I would wager a guess that your enumeration / deletion / creation is causing some synchronization problems with the handles. If CreateDirectory is anything like CreateFile (and I would assume the logic behind it would be shared), then you would see similar behaviour to CreateFile:

If you call CreateFile on a file that is pending deletion as a result of a previous call to DeleteFile, the function fails. The operating system delays file deletion until all handles to the file are closed. GetLastError returns ERROR_ACCESS_DENIED.

GalacticJello
In my test tool, I repeatedly create and remove a directory whose name I can pretty much guarantee nobody else would use. Say it's "my hovercraft is full of eels" (which it actually has been, but I try to use something different every time). Since my test tool is single-threaded, some other process would have to be removing my directory at the moment I try to create it. That seems unlikely.
Integer Poet
But remember you are constantly enumerating the parent directory, which would include it's children, which would include your directory that you are creating and deleting (no matter how crazily it is named).

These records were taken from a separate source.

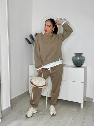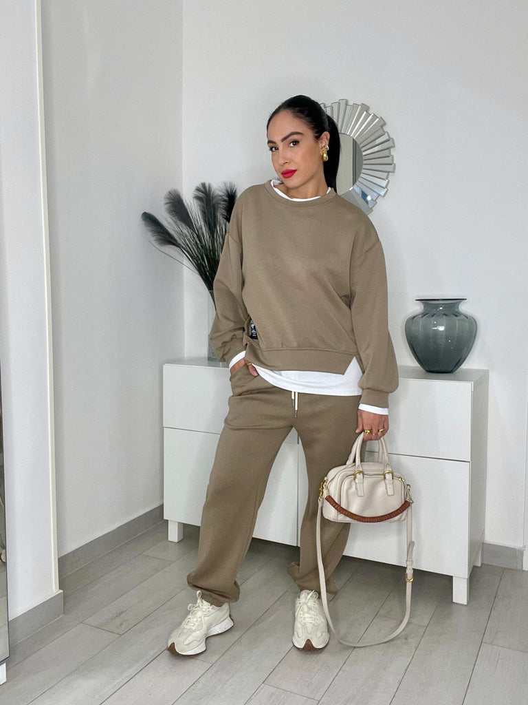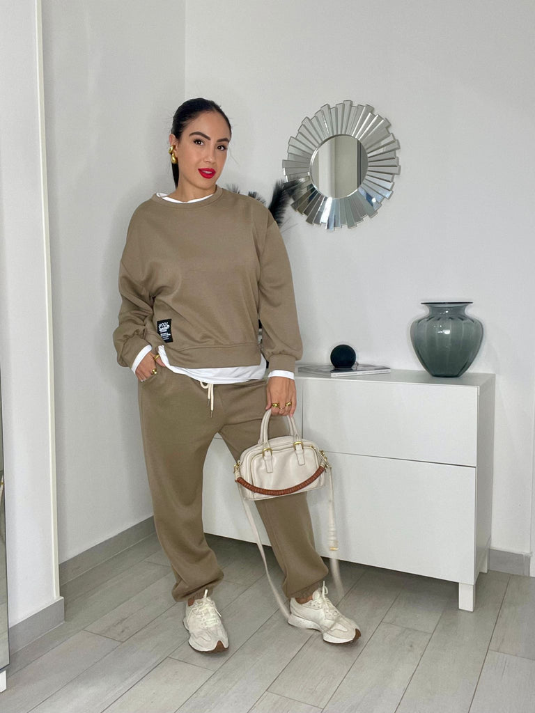Coordinato tuta composto da felpa con t-shirt incorporata e pantaloni con coulisse in vita ed elastico alla caviglia.
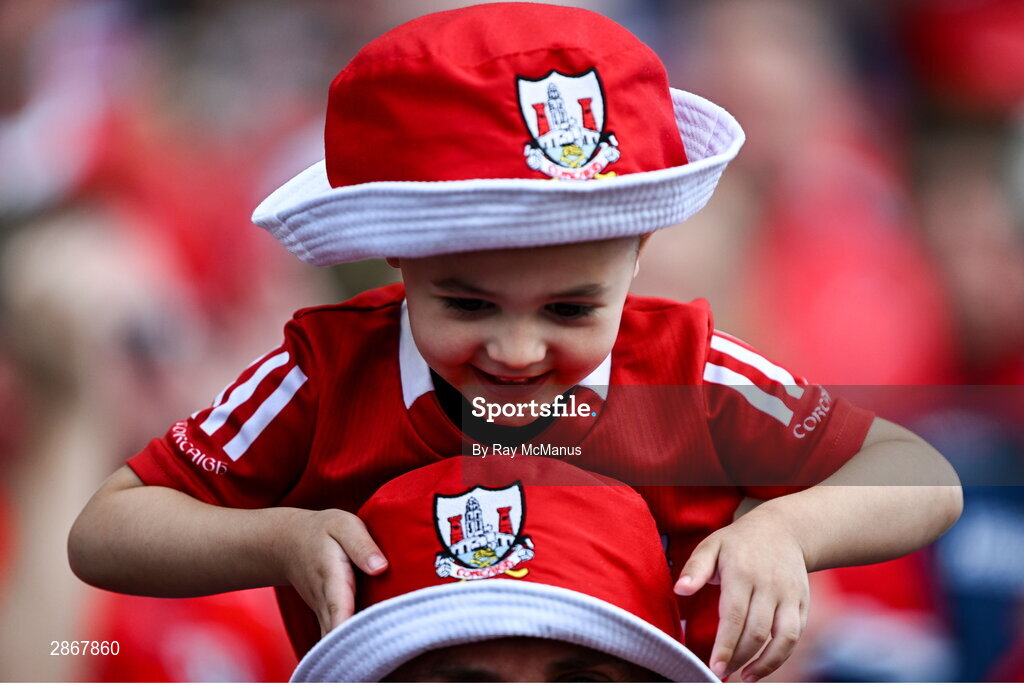 7 July 2024; Three year old Vasilios O'Donovan, from New York, sits on the sholders of his Bantry born dad after the GAA Hurling All-Ireland Senior Championship semi-final match between Limerick and Cork at Croke Park in Dublin. Photo by Ray McManus/Sportsfile
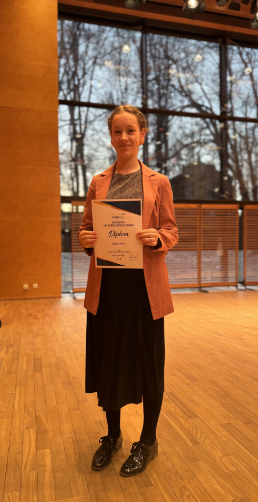 Diplom – Johanna Rüütelmaa (metsasarv, 3. kursus), õpetaja Kalle Koppel / kontsertmeister Tiiu Maasing
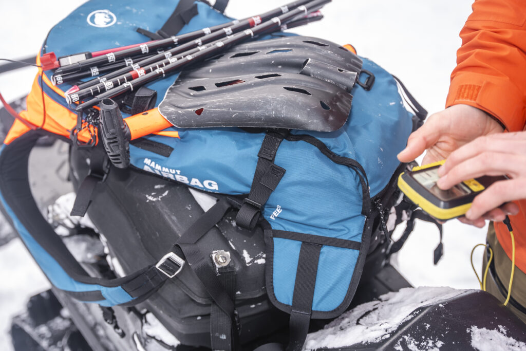 Vous avez suivi un cours de sécurité en avalanche, avez consulté les ressources proposées et souhaitez maintenant vous équiper du nécessaire pour des sorties sécuritaires ? Dans un sac à dos, gardez l’essentiel pour effectuer la recherche et le sauvetage de vos partenaires. Si tout votre équipement de sécurité se trouve sur la motoneige et que celle-ci se fait ensevelir, vous serez dépourvu·e de votre pelle et de votre sonde et il sera très difficile et beaucoup plus long de retrouver les victimes. Leurs chances de survie seront alors très basses. Procurez-vous un sac à dos gonflable (airbag) afin de diminuer la probabilité d’ensevelissement et apportez l’essentiel de premiers soins et d’évacuation.
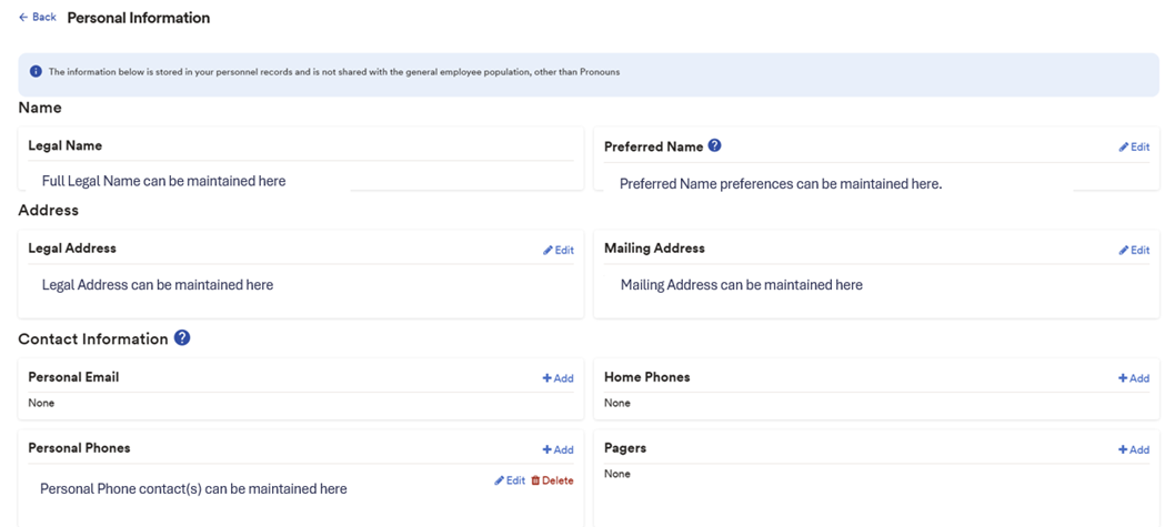 - Personal Information is where legal name, preferred first name, address or personal contact info can be maintained.
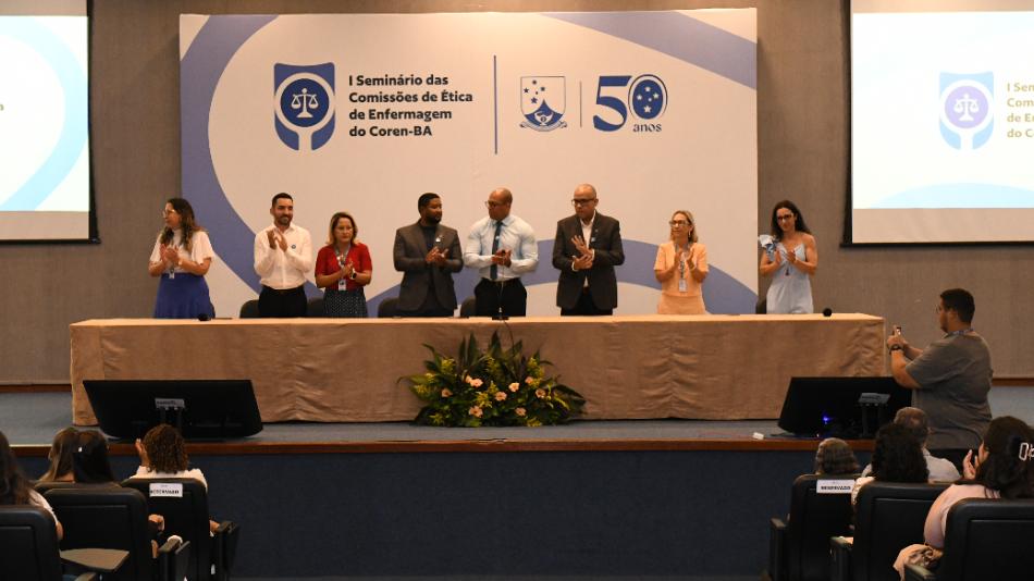 Compuseram a mesa o presidente do Conselho Regional de Enfermagem da Bahia, Dr. Davi Apóstolo; o vice-presidente, Dr. Júlio César; o representante do Conselho Federal de Enfermagem, Dr. James Francisco; a primeira tesoureira do Coren-BA, Dra. Emídia Oliveira; a coordenadora da 2ª Câmara Técnica de Ética, conselheira Karine Batista Leal; e a chefe do Departamento Ético do Coren-BA, Dra. Rosimeire Cardoso.

Think about it: One process is commanding "Give me all of the children of X", while the other process is commanding "Create a child of X" "Delete a child of X" at the same time. All the while, your subsystems (disk, queue, MTF, etc) are trying to keep up with all those demands. You can't ask for existence and demand its removal at the same time.
GalacticJello
Also (rereading your comment) it doesn't matter if your ONE process is single threaded, as you are running TWO processes that are trying to access the SAME resource at the same time (one is trying to enumerate, the other is trying to create/delete).
GalacticJello
While all of that seems like it ought to be true, it doesn't help me reproduce the problem any more often. I actually have two test programs. The first repeatedly creates and deletes a directory and the second repeatedly enumerates the would-be parent. The second doesn't make the first fail any more often. I'd feel bad about not yet mentioning this here if I hadn't mentioned it in the original question. :-) However, explaining this again has given me an idea for a tweak to the second program, and I'll go try that soonly.
Integer Poet
My second test program was sleeping 10 ms before each call to FindNextFile in order to keep the enumeration handle open for a "long" time. The idea was to keep the directory busy for a while so the first test program would be more likely to fail and then I'd have my answer: an enumeration in progress makes creation fail. As I said, this didn't work out.
Integer Poet
But then I realized maybe all the disk i/o happens during FindFirstFile and gets cached in the handle and FindNextFile just copies it from one place in memory to another, so the more often I call FindFirstFile, the better. So I skipped the calls to FindNextFile entirely. Sadly, this makes no difference.
Integer Poet
Calling FindNextFile without delay doesn't make a difference either.
Integer Poet
I keep saying this, but this would be a bug. Enumeration of a parent has nothing to do with the open-ability of a child.
jrtipton
You guys need to understand the concept of HANDLES and how they play behind-the-scenes. This is a synchronization issue. Enumerating opens HANDLES on objects. Open HANDLES can place locks on objects. When objects are locked, other calls trying to access those objects can fail.
GalacticJello
jrtipton, I agree. I'm not trying to fix the bug. I'm trying to cope.
Integer Poet
GJ, everybody understands that. I'm trying to figure out how to cause a lock to be taken on the would-be-parent directory so I can test the code I have which copes.
Integer Poet
You have a system process, call it S. It is in charge of commiting changes to a file system. You have another process, call it P1. It is enumerating a directory, call it D1. P1 is constantly saying, "give me my CURRENT children of D1 as of RIGHT NOW". S has to commit all pending actions to answer. You have yet another process, call it P2. It is constantly creating and deleteing a child in D1 demanding S to add, delete, etc. S is trying to keep up. P1 is trying to say "give me all my current children, now!". S is trying to keep up. P2 is saying "create, delete, right now!". S says ENOUGH.
GalacticJello